- MATERIAL PROVIDED -
===============

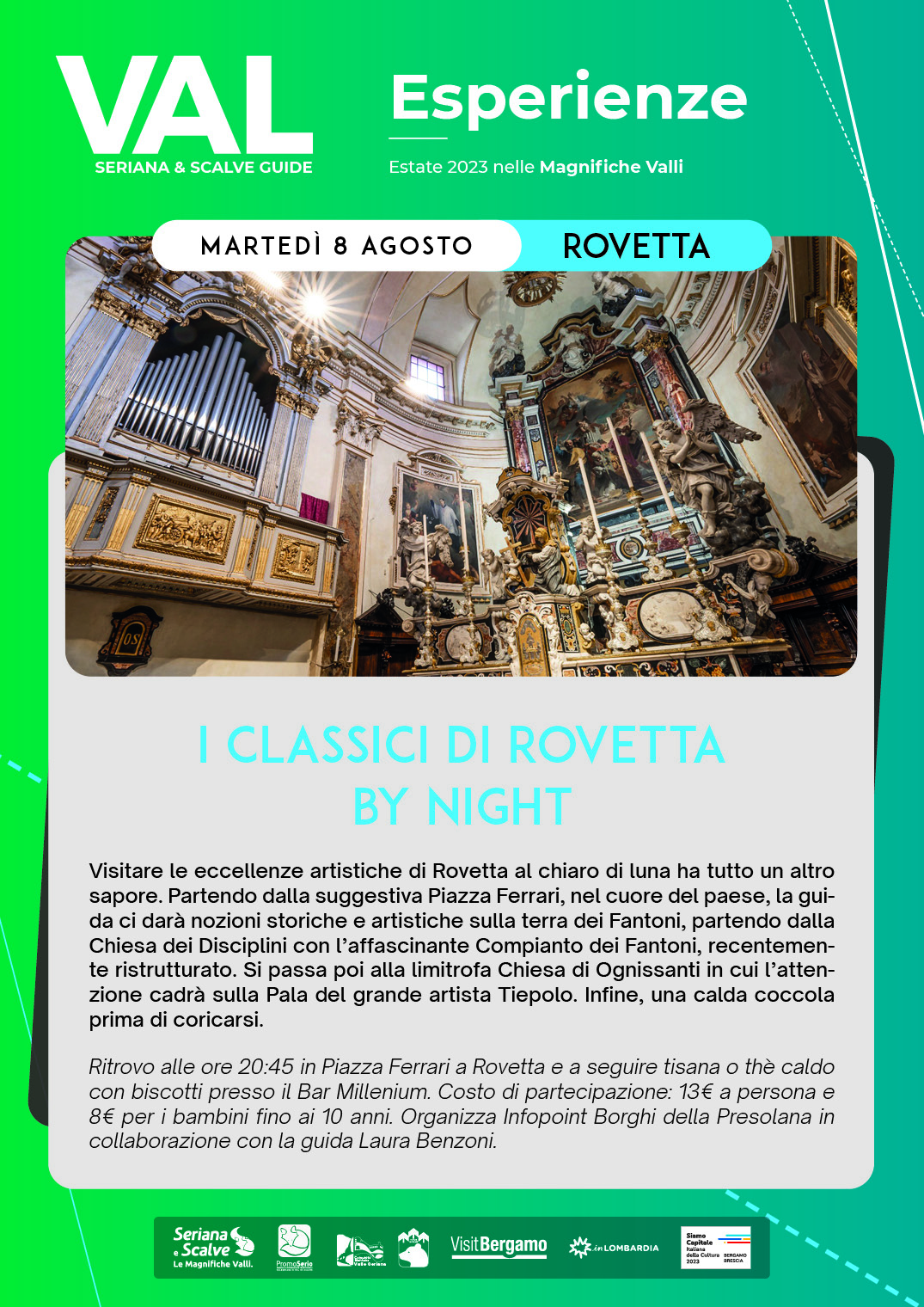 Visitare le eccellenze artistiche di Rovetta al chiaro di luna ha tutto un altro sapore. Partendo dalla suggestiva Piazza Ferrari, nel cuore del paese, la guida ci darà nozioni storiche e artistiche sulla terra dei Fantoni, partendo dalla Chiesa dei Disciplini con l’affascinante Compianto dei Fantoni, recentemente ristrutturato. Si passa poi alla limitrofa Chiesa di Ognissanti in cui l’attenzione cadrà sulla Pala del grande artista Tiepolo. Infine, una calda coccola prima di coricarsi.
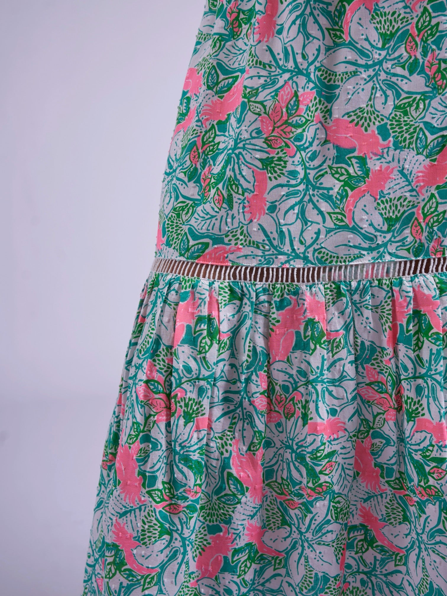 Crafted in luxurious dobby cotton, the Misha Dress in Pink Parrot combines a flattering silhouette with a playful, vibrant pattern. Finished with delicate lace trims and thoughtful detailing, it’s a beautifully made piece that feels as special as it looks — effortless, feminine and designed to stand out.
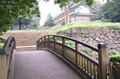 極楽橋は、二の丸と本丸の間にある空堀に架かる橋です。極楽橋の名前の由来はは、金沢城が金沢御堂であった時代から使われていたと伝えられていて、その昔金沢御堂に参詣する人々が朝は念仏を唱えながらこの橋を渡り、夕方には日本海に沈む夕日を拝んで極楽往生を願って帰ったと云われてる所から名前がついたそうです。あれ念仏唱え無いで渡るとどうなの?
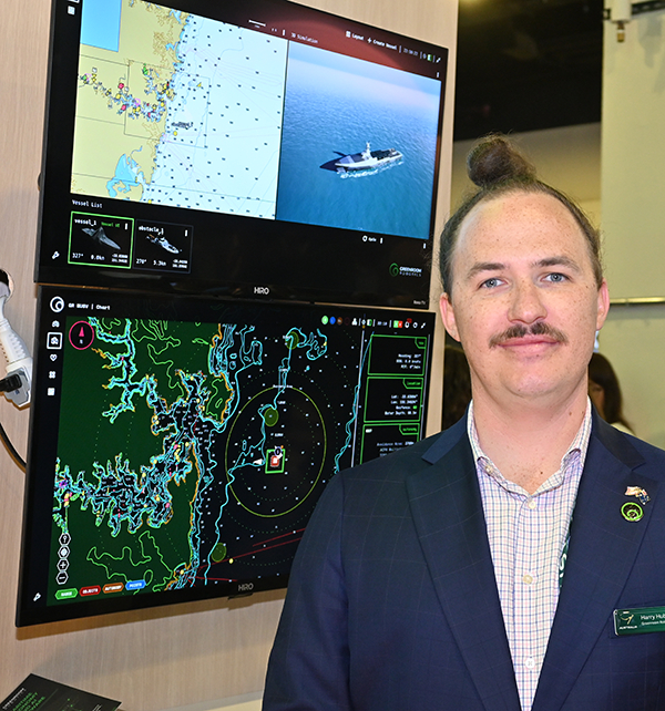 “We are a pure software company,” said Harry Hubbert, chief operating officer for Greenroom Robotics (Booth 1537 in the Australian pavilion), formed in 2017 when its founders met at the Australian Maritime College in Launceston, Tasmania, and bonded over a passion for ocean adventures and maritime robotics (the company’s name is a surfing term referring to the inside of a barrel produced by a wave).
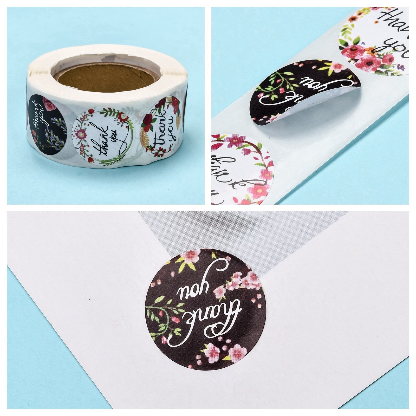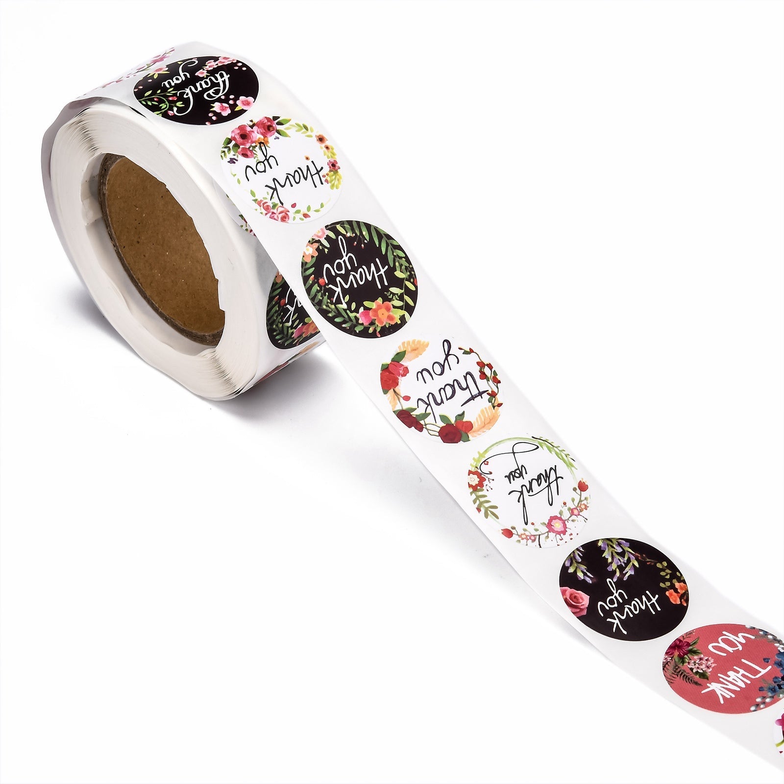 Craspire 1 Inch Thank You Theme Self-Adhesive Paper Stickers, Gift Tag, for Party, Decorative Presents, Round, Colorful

===============

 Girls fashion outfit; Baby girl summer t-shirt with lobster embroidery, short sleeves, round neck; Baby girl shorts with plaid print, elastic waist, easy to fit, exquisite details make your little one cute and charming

===============

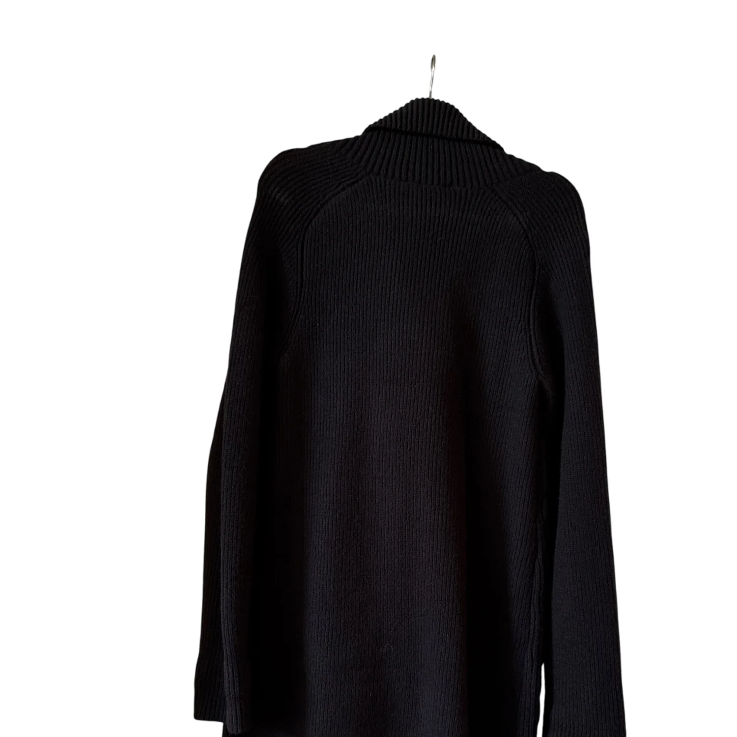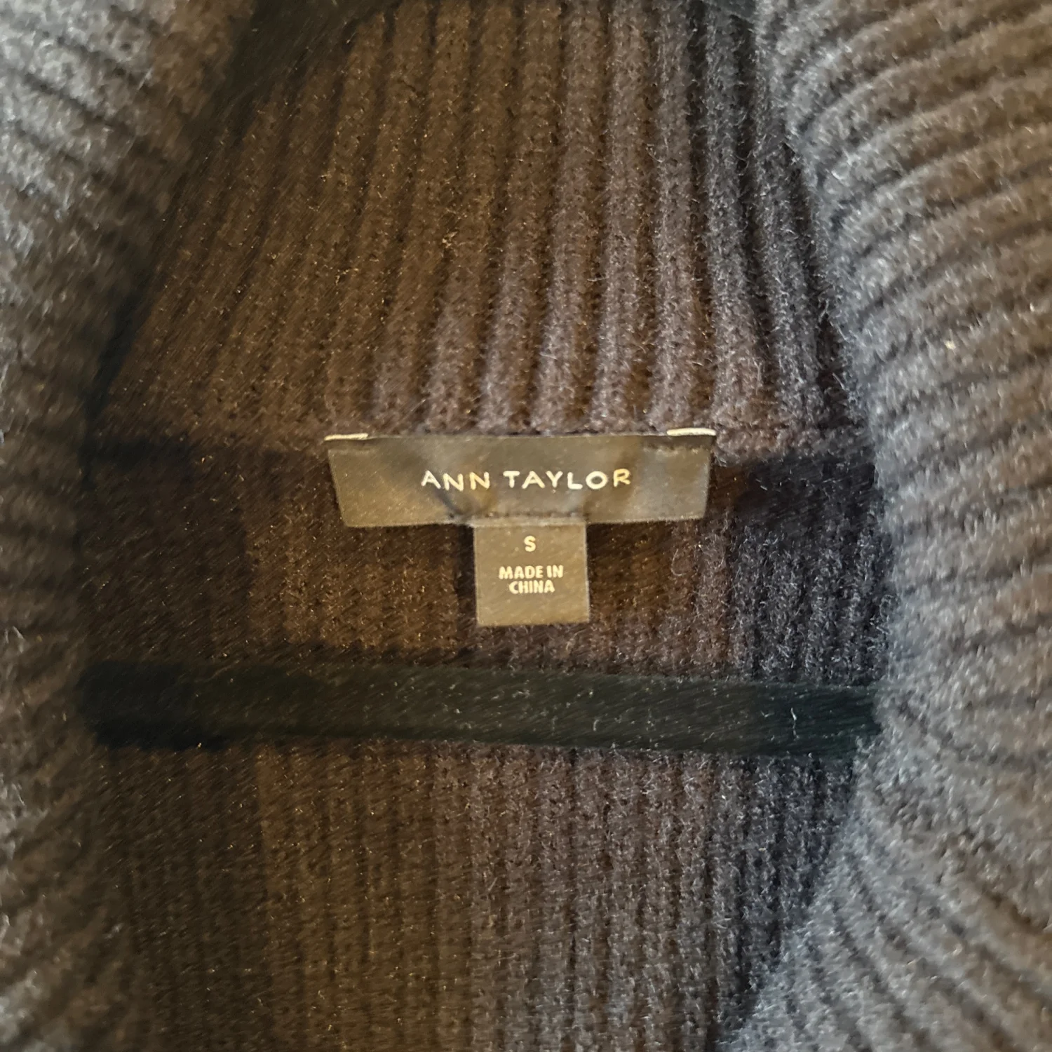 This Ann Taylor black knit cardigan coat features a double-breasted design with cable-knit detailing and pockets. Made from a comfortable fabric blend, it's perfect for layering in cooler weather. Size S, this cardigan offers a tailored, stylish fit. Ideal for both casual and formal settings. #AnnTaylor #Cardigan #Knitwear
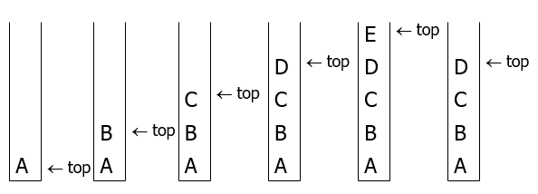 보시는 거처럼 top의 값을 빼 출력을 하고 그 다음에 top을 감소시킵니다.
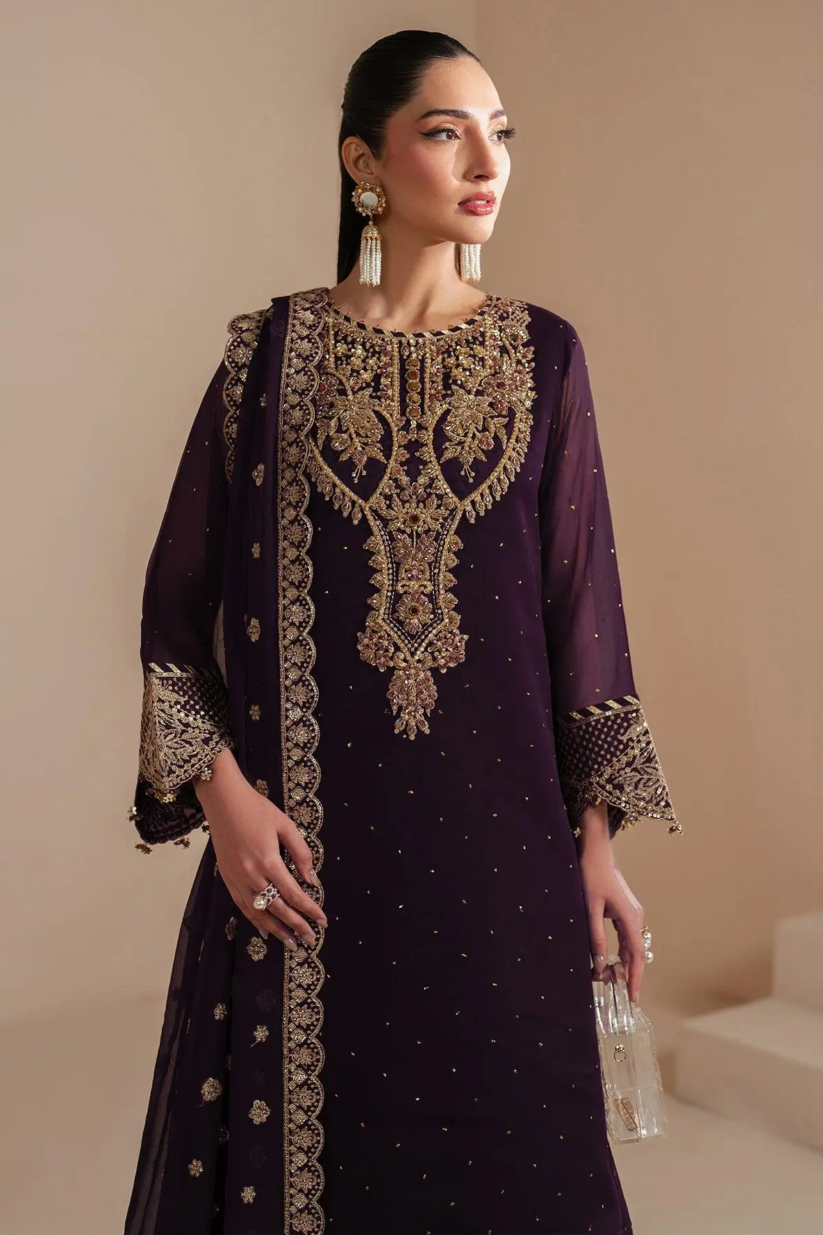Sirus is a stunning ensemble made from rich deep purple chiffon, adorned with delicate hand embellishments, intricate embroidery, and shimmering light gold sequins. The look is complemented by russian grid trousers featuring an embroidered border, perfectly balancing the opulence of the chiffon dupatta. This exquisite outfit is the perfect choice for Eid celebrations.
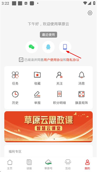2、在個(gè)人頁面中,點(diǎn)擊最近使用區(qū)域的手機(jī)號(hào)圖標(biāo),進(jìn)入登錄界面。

===============

- ACTION ITEM -
Copy the lines above exactly, starting with the line that contains "This Ann Taylor" and ending with the line that contains "보시는 거처럼 top의 값을 빼 출력을 하고 그 다음에 top을 감소시킵니다.", and leave out any pictures.

- RESPONSE TO THE TASK -
 This Ann Taylor black knit cardigan coat features a double-breasted design with cable-knit detailing and pockets. Made from a comfortable fabric blend, it's perfect for layering in cooler weather. Size S, this cardigan offers a tailored, stylish fit. Ideal for both casual and formal settings. #AnnTaylor #Cardigan #Knitwear
 보시는 거처럼 top의 값을 빼 출력을 하고 그 다음에 top을 감소시킵니다.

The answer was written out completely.